──────── AVAILABLE DATA

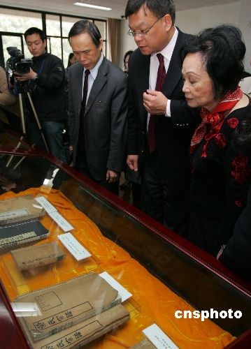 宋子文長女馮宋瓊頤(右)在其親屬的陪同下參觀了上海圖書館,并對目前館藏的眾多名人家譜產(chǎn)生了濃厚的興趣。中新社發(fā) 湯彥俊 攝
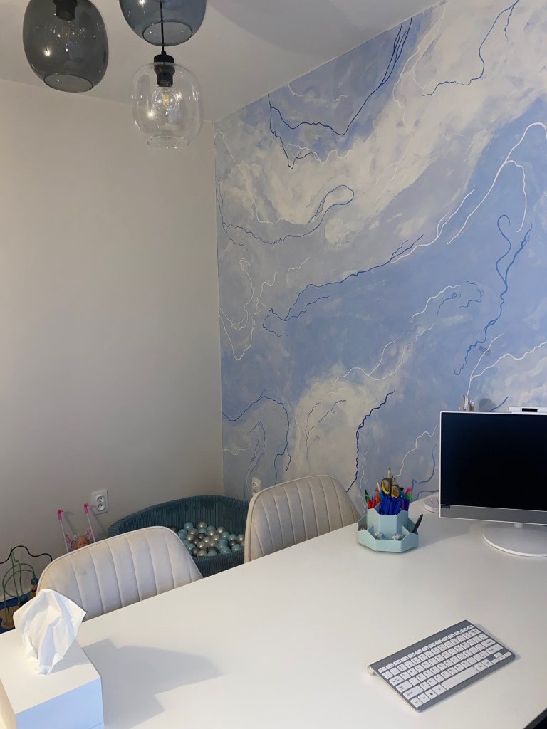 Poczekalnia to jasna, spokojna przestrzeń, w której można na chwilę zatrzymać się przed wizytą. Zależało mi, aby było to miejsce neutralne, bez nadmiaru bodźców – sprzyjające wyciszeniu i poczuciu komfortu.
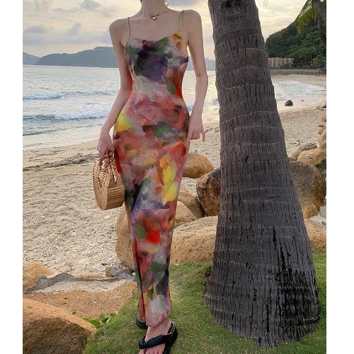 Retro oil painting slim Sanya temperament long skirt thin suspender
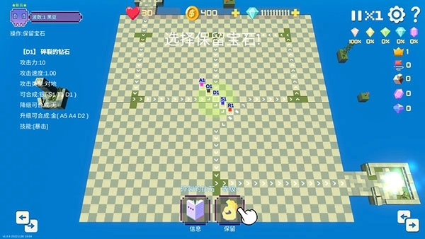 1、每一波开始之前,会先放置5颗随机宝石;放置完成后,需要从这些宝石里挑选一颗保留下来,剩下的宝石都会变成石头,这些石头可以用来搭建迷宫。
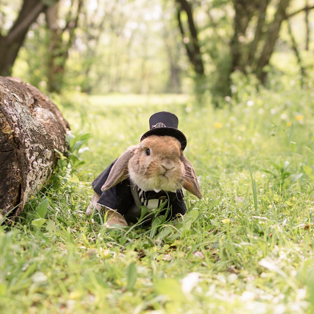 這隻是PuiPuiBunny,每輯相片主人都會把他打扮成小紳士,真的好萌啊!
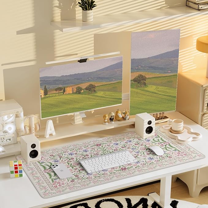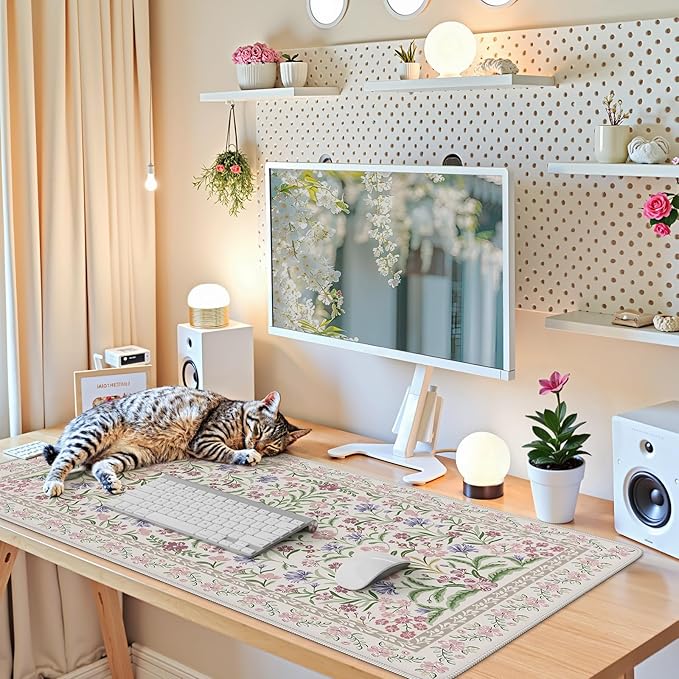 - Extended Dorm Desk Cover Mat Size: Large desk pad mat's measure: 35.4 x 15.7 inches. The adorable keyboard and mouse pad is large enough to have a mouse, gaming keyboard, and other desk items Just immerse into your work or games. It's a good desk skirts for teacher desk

────────────────

*WHAT YOU HAVE TO DO*
Only the lines from the line that contains "Retro oil painting" through the end of the entries are to be written out, exactly and without pictures, both ends included.

*PROBLEM SOLUTION*
 Retro oil painting slim Sanya temperament long skirt thin suspender
 1、每一波开始之前,会先放置5颗随机宝石;放置完成后,需要从这些宝石里挑选一颗保留下来,剩下的宝石都会变成石头,这些石头可以用来搭建迷宫。
 這隻是PuiPuiBunny,每輯相片主人都會把他打扮成小紳士,真的好萌啊!
 - Extended Dorm Desk Cover Mat Size: Large desk pad mat's measure: 35.4 x 15.7 inches. The adorable keyboard and mouse pad is large enough to have a mouse, gaming keyboard, and other desk items Just immerse into your work or games. It's a good desk skirts for teacher desk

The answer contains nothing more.